> COLLECTED DATA
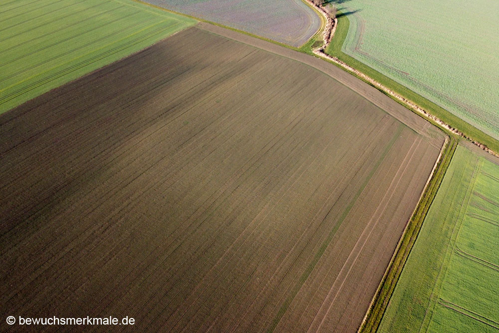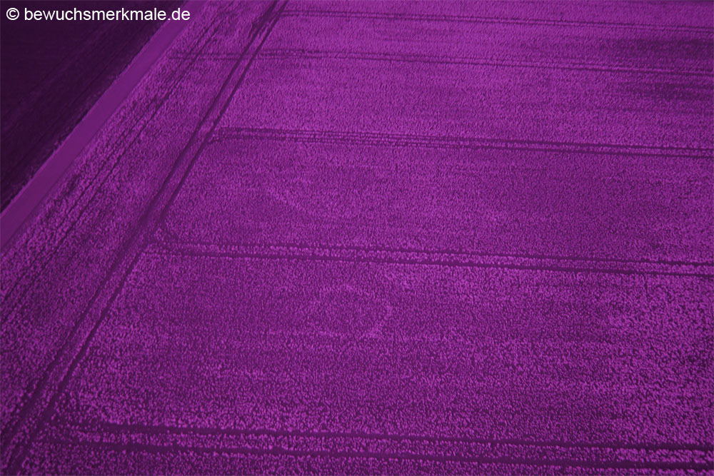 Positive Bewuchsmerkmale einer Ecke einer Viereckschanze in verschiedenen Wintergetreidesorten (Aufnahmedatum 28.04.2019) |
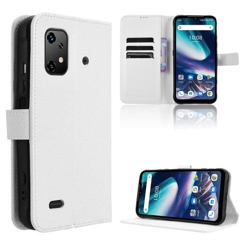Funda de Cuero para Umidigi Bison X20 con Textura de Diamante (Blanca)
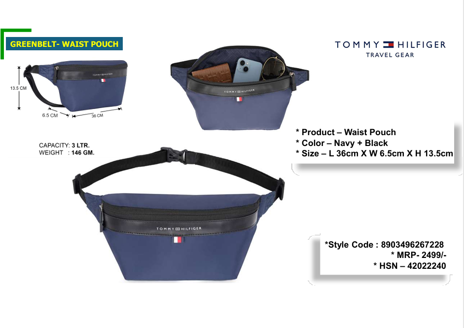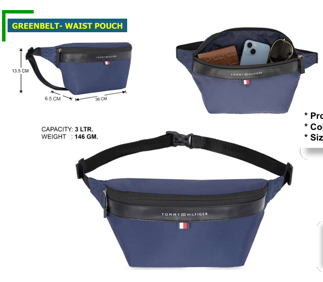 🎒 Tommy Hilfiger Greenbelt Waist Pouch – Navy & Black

> WHAT NEEDS TO BE DONE
The listing is to be repeated exactly, with its pictures removed.

> EXERCISE RESULT
 Positive Bewuchsmerkmale einer Ecke einer Viereckschanze in verschiedenen Wintergetreidesorten (Aufnahmedatum 28.04.2019) |
Funda de Cuero para Umidigi Bison X20 con Textura de Diamante (Blanca)
 🎒 Tommy Hilfiger Greenbelt Waist Pouch – Navy & Black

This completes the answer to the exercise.